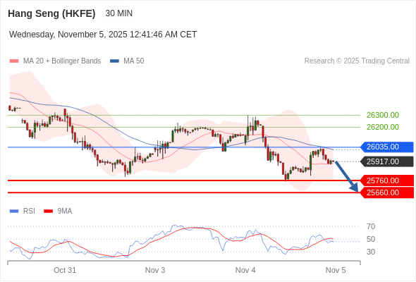 交易策略: 在 26035.00 之下,看跌,目标价位为 25760.00 ,然后为 25660.00 。
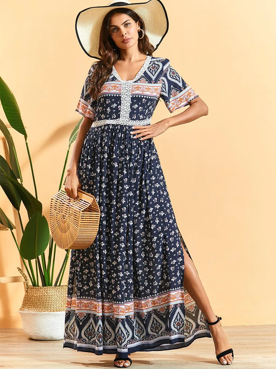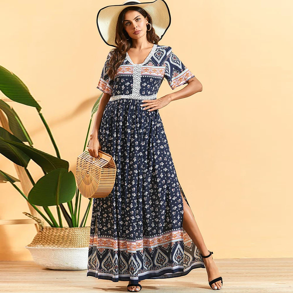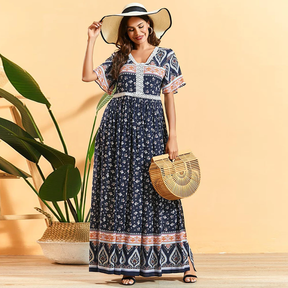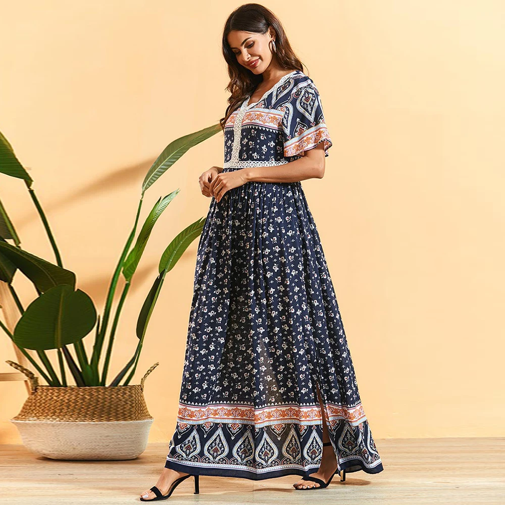 | Siskakia Bohemian Summer Long Dress Elegant Ethnic Floral Lace Patchwork Empire Swing Side Slit A Line Dresses 4XL Navy Blue New |
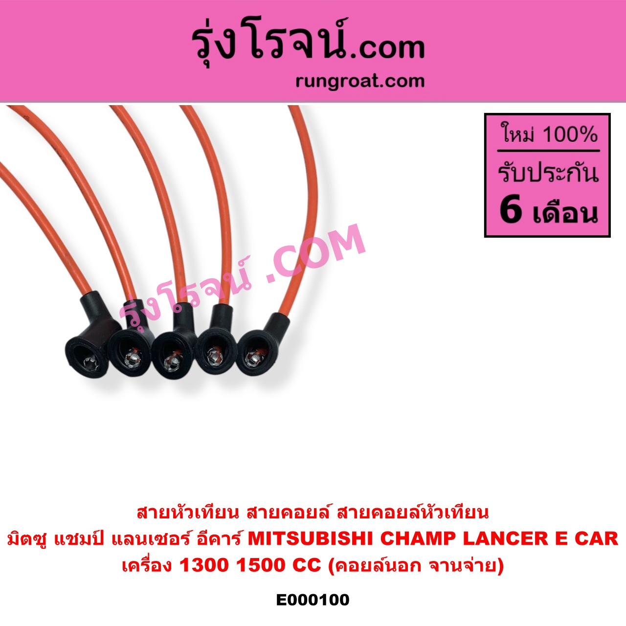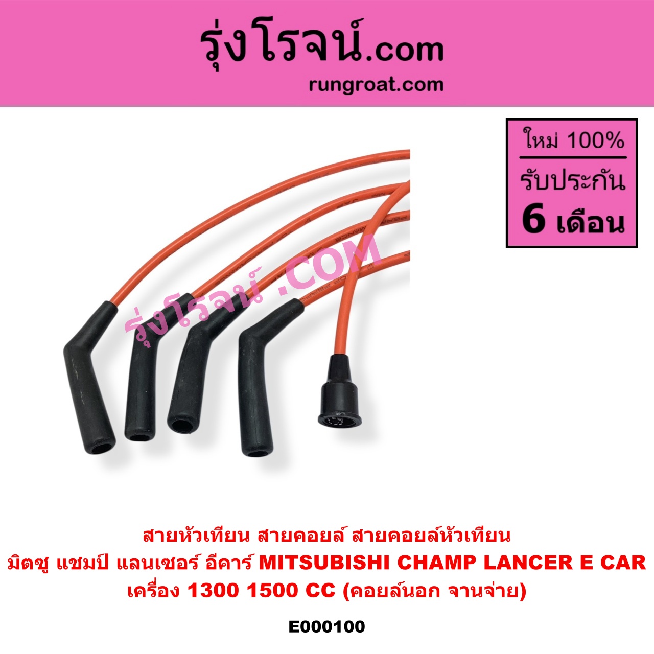 | E000100 | สายหัวเทียน | MITSUBISHI (มิตซู) / CHAMP (แชมป์ 1/2/3) , MITSUBISHI (มิตซู) / LANCER E-CAR (แลนเซอร์ อีคาร์ 92/94) |
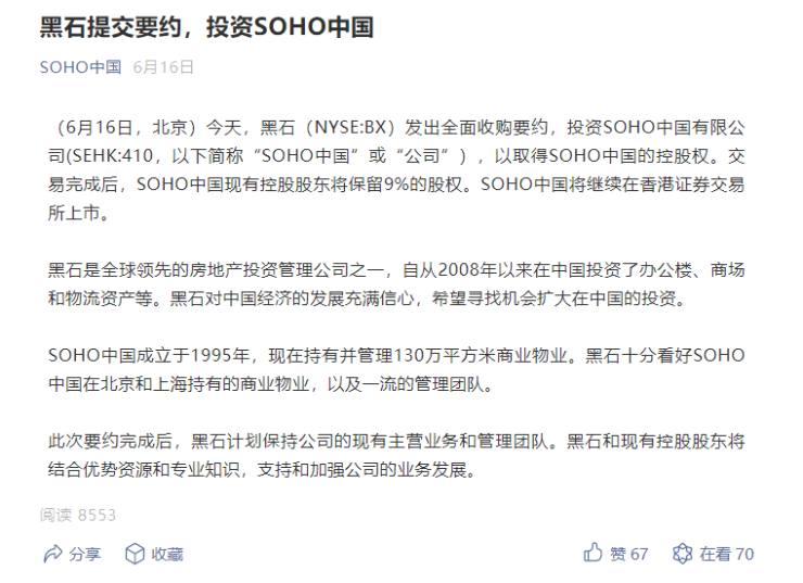 据新京报,早在2020年3月,就有消息称黑石集团正与SOHO中国就私有化进行谈判,交易价值40亿美元(约258亿人民币)。2020年3月11日晚间,SOHO中国发布公告称,公司在与海外金融投资者洽谈,以探讨进行战略合作的可能性,其可能导致公司全部已发行股份作出全面要约。
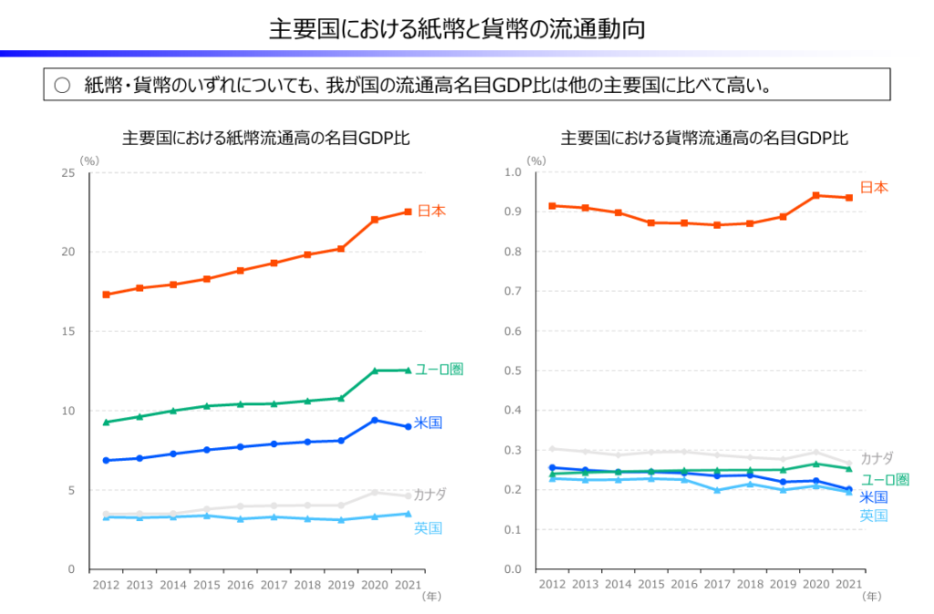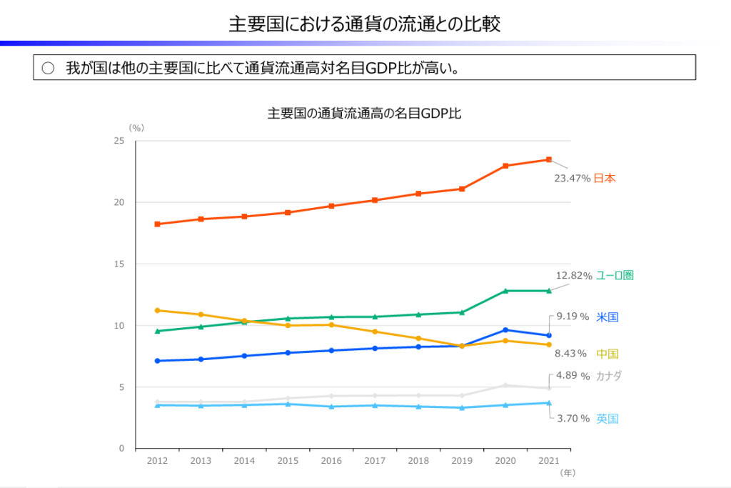 一方で、日本は先進国の中でも現金の使用比率が高いようです。
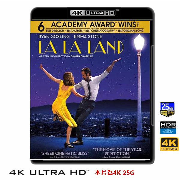商品屬性 [片名] 樂來越愛你 La La Land (2016) 4KUHD25G [年份] 2016 [片裝數] 1 [發音] 英...等 [字幕] 繁中/簡中/英 [備註] 本片為4KUHD25G,藍光機無法播放,必須用4KUHD25G帶HDR的播放機來放影 本片為4KUHD - 25G本片為4KUHD影片,必須用4KUHD帶HDR播放機才可以播放,一般藍光機(Blu-ray Player, PS3, PS4, PS4 pro,Blu-ray Rom,升級後的Xbox ONE S/X 均無法讀取影片).HDR效果:必須4KUHD播放機配合電視為4K帶HDR及亮度達700NIT以上才可以完美享受HDR效果.市場上很多假4K播放機及平價假4K電視,相關規格不詳,請小心購買.有關4KUHD的問題,請參考>>>>點入參考<<<4KUHD實物包裝如圖:第89屆奧斯卡金像獎14項提名,平《鐵達尼號》影史入圍記錄;拿下第89屆奧斯卡最佳導演、最佳女主角、最佳攝影、最佳製作設計、最佳原創配樂、最佳原創歌曲〈City of Stars〉共6項大獎。其他曾入圍奧斯卡14項獎項的包括1950年《彗星美人》與1997年《鐵達尼號》。《進擊的鼓手》導演達米恩查澤雷執導作品,雷恩葛斯林、艾瑪史東大銀幕三續情緣,再度攜手追求夢想,舞出浪漫樂章。 《進擊的鼓手》魔鬼教練J.K.西蒙斯、節奏藍調小天王約翰傳奇聯手加持。在當小演員遇上鋼琴手,夢想與愛情要如何抉擇?落魄的爵士鋼琴家賽巴斯汀(雷恩葛斯林 飾)與懷抱明星夢的小演員蜜亞(艾瑪史東 飾)相遇相知,相愛相惜,一起在充滿可能的洛杉磯互相扶持,追逐夢想。但是,當他們逐漸邁向成功,現實的壓力卻磨損了原本美好的愛情,兩人的關係面臨巨大的考驗……。英文片名「La La Land」即是美國加州南部洛杉磯的暱稱。在洛杉磯這座充滿可能性的大城市裡,寂寥的小演員蜜亞懷抱著明星夢,一邊端著茶水,一邊到處試鏡;落魄的爵士鋼琴家賽巴斯汀,在昏黃的酒吧靠演奏鋼琴維生,勉強餬口。同樣追求夢想的兩人在這座城市裡遇見彼此,陷入情網,相互慰藉扶持,一起追求畢生夢想。但在逐漸達成夢想的同時,兩人的情感也面臨抉擇和考驗,究竟他們

____________

EXERCISE DESCRIPTION:
The task calls for every line of the data to be returned exactly, without pictures.

WRITTEN SOLUTION:
 交易策略: 在 26035.00 之下,看跌,目标价位为 25760.00 ,然后为 25660.00 。
 | Siskakia Bohemian Summer Long Dress Elegant Ethnic Floral Lace Patchwork Empire Swing Side Slit A Line Dresses 4XL Navy Blue New |
 | E000100 | สายหัวเทียน | MITSUBISHI (มิตซู) / CHAMP (แชมป์ 1/2/3) , MITSUBISHI (มิตซู) / LANCER E-CAR (แลนเซอร์ อีคาร์ 92/94) |
 据新京报,早在2020年3月,就有消息称黑石集团正与SOHO中国就私有化进行谈判,交易价值40亿美元(约258亿人民币)。2020年3月11日晚间,SOHO中国发布公告称,公司在与海外金融投资者洽谈,以探讨进行战略合作的可能性,其可能导致公司全部已发行股份作出全面要约。
 一方で、日本は先進国の中でも現金の使用比率が高いようです。
商品屬性 [片名] 樂來越愛你 La La Land (2016) 4KUHD25G [年份] 2016 [片裝數] 1 [發音] 英...等 [字幕] 繁中/簡中/英 [備註] 本片為4KUHD25G,藍光機無法播放,必須用4KUHD25G帶HDR的播放機來放影 本片為4KUHD - 25G本片為4KUHD影片,必須用4KUHD帶HDR播放機才可以播放,一般藍光機(Blu-ray Player, PS3, PS4, PS4 pro,Blu-ray Rom,升級後的Xbox ONE S/X 均無法讀取影片).HDR效果:必須4KUHD播放機配合電視為4K帶HDR及亮度達700NIT以上才可以完美享受HDR效果.市場上很多假4K播放機及平價假4K電視,相關規格不詳,請小心購買.有關4KUHD的問題,請參考>>>>點入參考<<<4KUHD實物包裝如圖:第89屆奧斯卡金像獎14項提名,平《鐵達尼號》影史入圍記錄;拿下第89屆奧斯卡最佳導演、最佳女主角、最佳攝影、最佳製作設計、最佳原創配樂、最佳原創歌曲〈City of Stars〉共6項大獎。其他曾入圍奧斯卡14項獎項的包括1950年《彗星美人》與1997年《鐵達尼號》。《進擊的鼓手》導演達米恩查澤雷執導作品,雷恩葛斯林、艾瑪史東大銀幕三續情緣,再度攜手追求夢想,舞出浪漫樂章。 《進擊的鼓手》魔鬼教練J.K.西蒙斯、節奏藍調小天王約翰傳奇聯手加持。在當小演員遇上鋼琴手,夢想與愛情要如何抉擇?落魄的爵士鋼琴家賽巴斯汀(雷恩葛斯林 飾)與懷抱明星夢的小演員蜜亞(艾瑪史東 飾)相遇相知,相愛相惜,一起在充滿可能的洛杉磯互相扶持,追逐夢想。但是,當他們逐漸邁向成功,現實的壓力卻磨損了原本美好的愛情,兩人的關係面臨巨大的考驗……。英文片名「La La Land」即是美國加州南部洛杉磯的暱稱。在洛杉磯這座充滿可能性的大城市裡,寂寥的小演員蜜亞懷抱著明星夢,一邊端著茶水,一邊到處試鏡;落魄的爵士鋼琴家賽巴斯汀,在昏黃的酒吧靠演奏鋼琴維生,勉強餬口。同樣追求夢想的兩人在這座城市裡遇見彼此,陷入情網,相互慰藉扶持,一起追求畢生夢想。但在逐漸達成夢想的同時,兩人的情感也面臨抉擇和考驗,究竟他們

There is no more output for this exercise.